__ACTIVITY__. What is needed here is an exact repetition of the records below, beginning at the line that has "不經(jīng)意間總有種在" and stopping after the line that has "This is a great".

__DATA RECORDS__.

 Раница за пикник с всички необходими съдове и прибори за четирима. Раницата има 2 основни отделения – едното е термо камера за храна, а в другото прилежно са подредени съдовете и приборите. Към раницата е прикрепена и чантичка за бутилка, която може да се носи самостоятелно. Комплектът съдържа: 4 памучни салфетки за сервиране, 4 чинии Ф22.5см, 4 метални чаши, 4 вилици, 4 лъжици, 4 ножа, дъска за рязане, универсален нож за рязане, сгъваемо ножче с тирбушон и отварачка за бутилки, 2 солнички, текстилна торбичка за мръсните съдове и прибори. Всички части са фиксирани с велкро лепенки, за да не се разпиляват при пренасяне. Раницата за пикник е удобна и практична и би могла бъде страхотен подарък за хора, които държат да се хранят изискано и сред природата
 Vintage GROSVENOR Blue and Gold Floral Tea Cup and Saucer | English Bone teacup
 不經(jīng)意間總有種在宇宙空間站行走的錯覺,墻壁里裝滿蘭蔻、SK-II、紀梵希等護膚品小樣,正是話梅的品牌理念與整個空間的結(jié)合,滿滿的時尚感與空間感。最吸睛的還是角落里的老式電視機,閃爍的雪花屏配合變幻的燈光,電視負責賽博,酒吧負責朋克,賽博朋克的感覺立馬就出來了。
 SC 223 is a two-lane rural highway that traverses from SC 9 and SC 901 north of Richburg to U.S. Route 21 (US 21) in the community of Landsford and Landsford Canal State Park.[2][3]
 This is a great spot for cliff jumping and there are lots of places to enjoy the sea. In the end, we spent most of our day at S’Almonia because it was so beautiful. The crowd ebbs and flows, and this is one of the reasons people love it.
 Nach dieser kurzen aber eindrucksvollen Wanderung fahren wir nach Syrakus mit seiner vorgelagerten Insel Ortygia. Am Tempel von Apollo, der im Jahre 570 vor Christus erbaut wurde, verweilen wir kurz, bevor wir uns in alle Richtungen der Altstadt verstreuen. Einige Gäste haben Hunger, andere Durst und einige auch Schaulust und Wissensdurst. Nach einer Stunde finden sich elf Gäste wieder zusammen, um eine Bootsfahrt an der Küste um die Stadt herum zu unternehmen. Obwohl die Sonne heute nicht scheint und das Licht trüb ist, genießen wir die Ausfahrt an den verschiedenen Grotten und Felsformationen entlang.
...
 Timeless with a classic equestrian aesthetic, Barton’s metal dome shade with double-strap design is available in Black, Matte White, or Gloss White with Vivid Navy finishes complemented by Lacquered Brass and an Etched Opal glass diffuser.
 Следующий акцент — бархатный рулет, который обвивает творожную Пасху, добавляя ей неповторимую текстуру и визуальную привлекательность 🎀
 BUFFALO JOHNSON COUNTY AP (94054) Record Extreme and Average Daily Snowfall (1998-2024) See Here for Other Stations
==
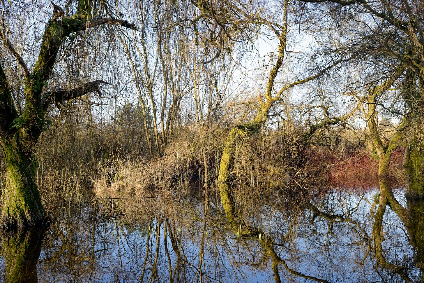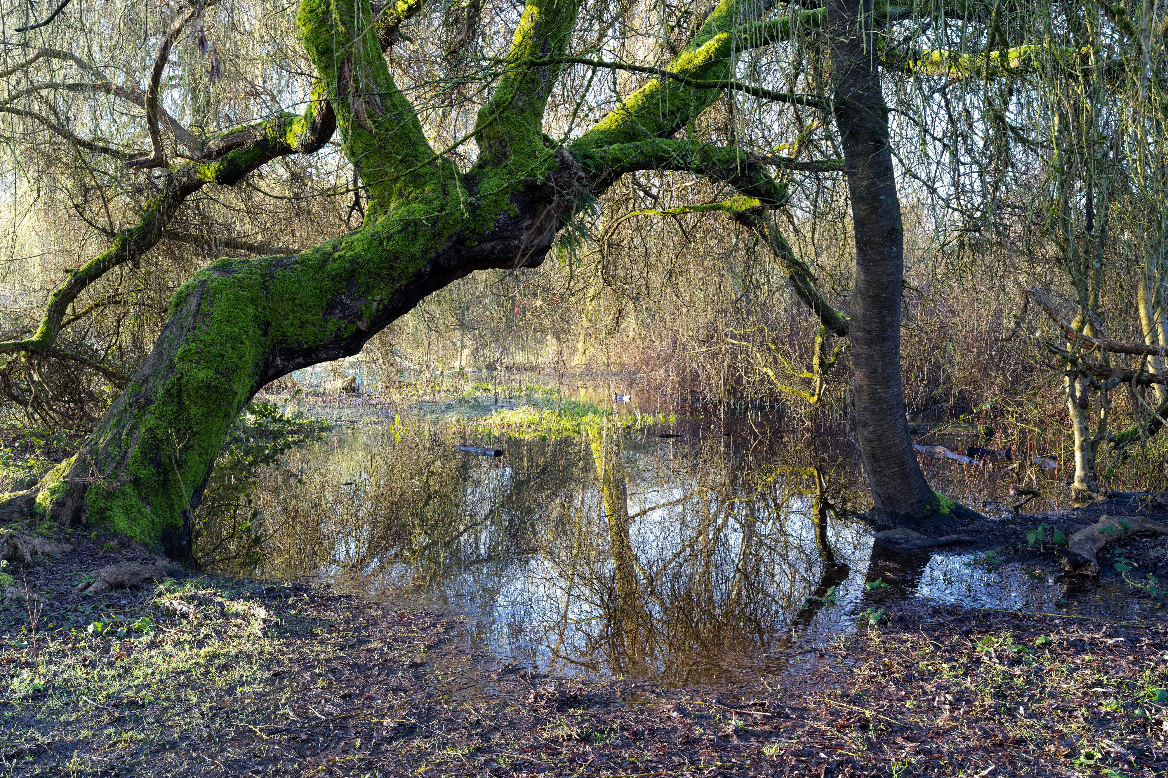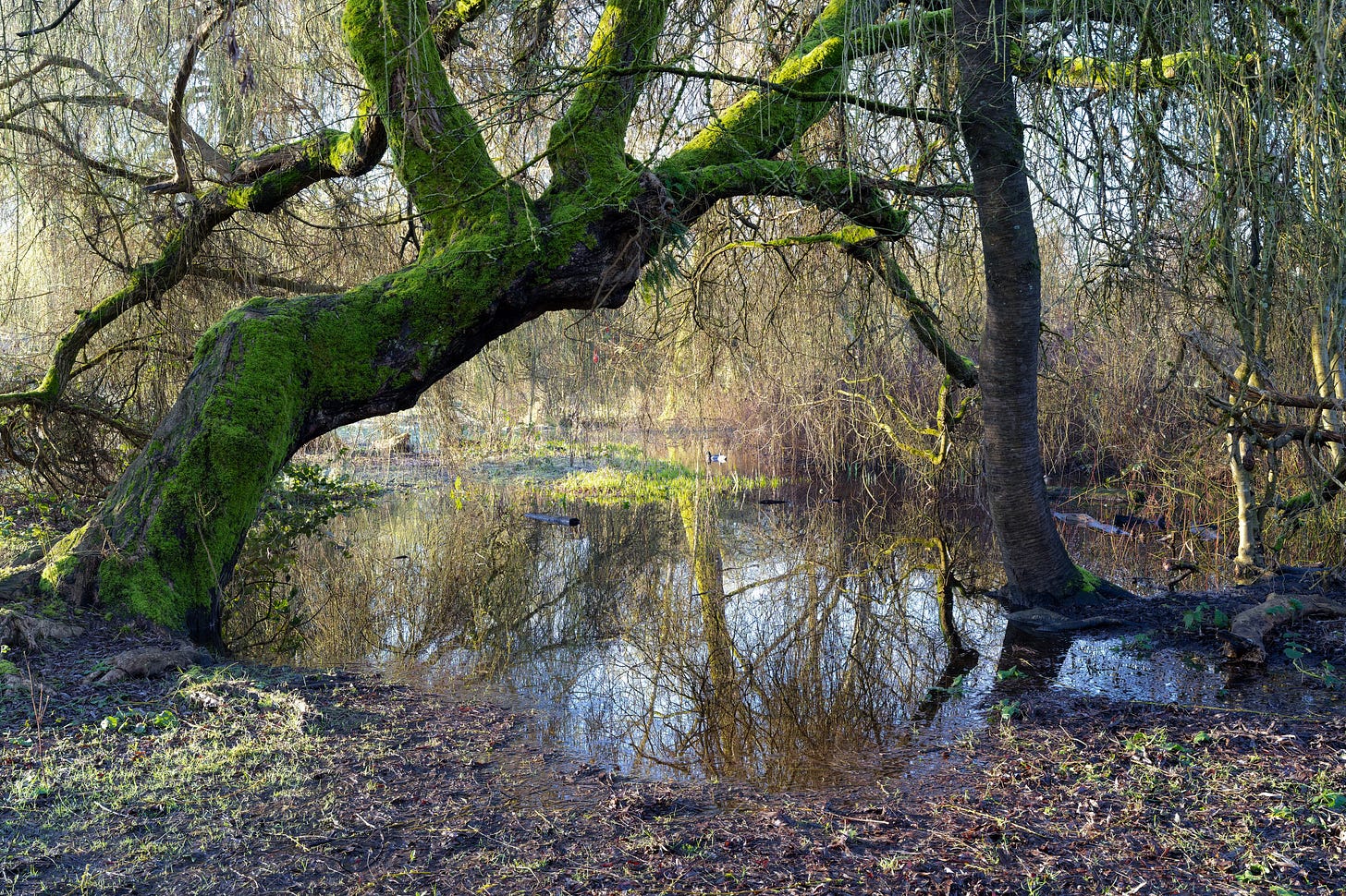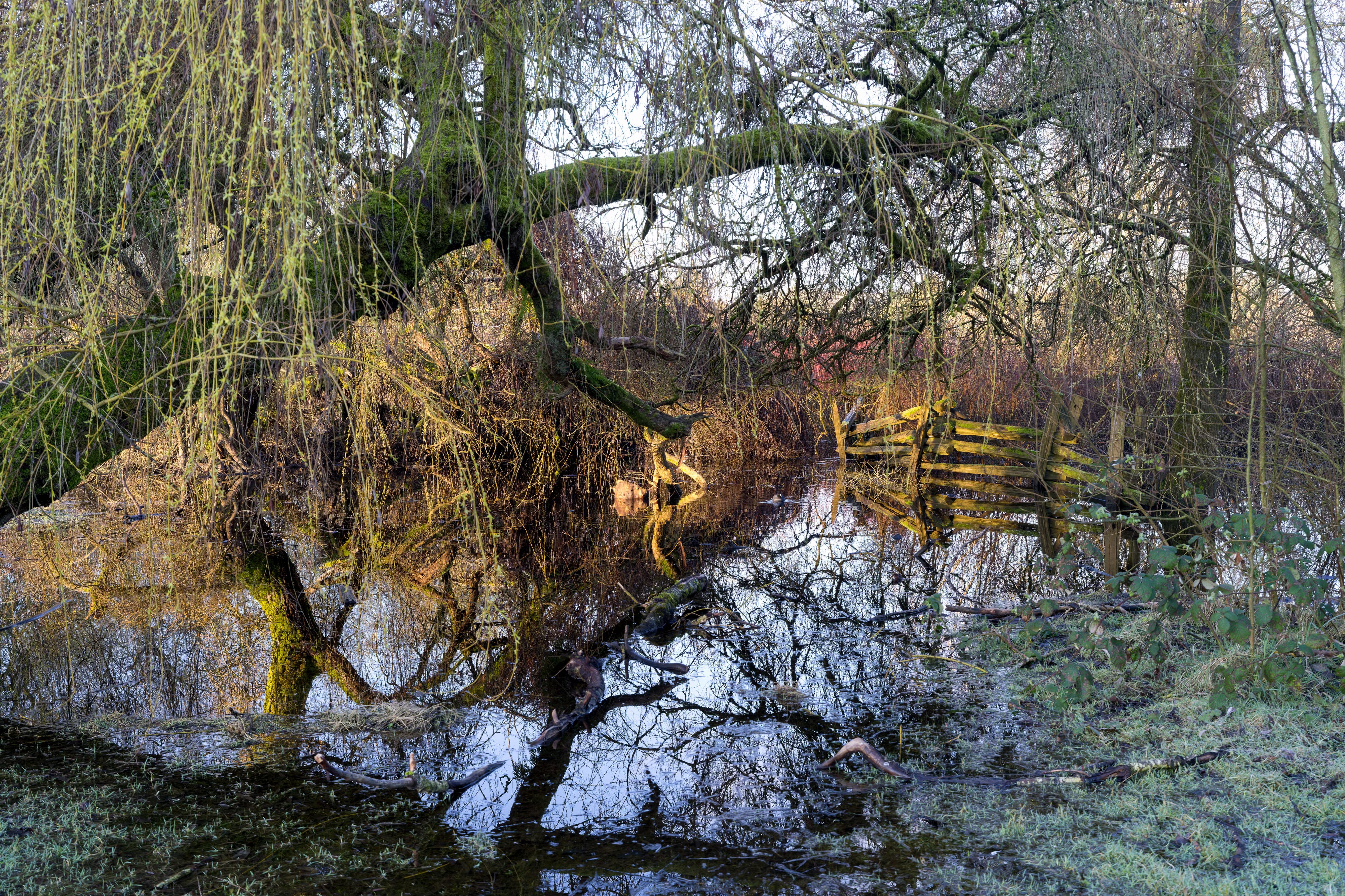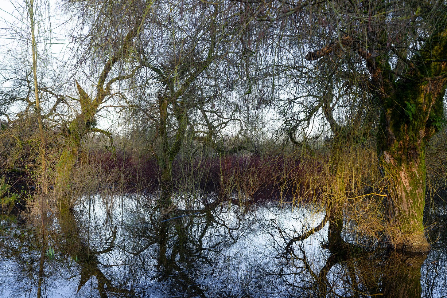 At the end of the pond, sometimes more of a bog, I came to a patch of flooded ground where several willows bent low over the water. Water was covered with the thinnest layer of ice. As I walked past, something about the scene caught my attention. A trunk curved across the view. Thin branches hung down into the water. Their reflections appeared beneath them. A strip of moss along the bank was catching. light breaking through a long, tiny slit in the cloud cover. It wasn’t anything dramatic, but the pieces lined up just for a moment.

__SOLUTION FOR THIS TASK__.
 不經(jīng)意間總有種在宇宙空間站行走的錯覺,墻壁里裝滿蘭蔻、SK-II、紀梵希等護膚品小樣,正是話梅的品牌理念與整個空間的結(jié)合,滿滿的時尚感與空間感。最吸睛的還是角落里的老式電視機,閃爍的雪花屏配合變幻的燈光,電視負責賽博,酒吧負責朋克,賽博朋克的感覺立馬就出來了。
 SC 223 is a two-lane rural highway that traverses from SC 9 and SC 901 north of Richburg to U.S. Route 21 (US 21) in the community of Landsford and Landsford Canal State Park.[2][3]
 This is a great spot for cliff jumping and there are lots of places to enjoy the sea. In the end, we spent most of our day at S’Almonia because it was so beautiful. The crowd ebbs and flows, and this is one of the reasons people love it.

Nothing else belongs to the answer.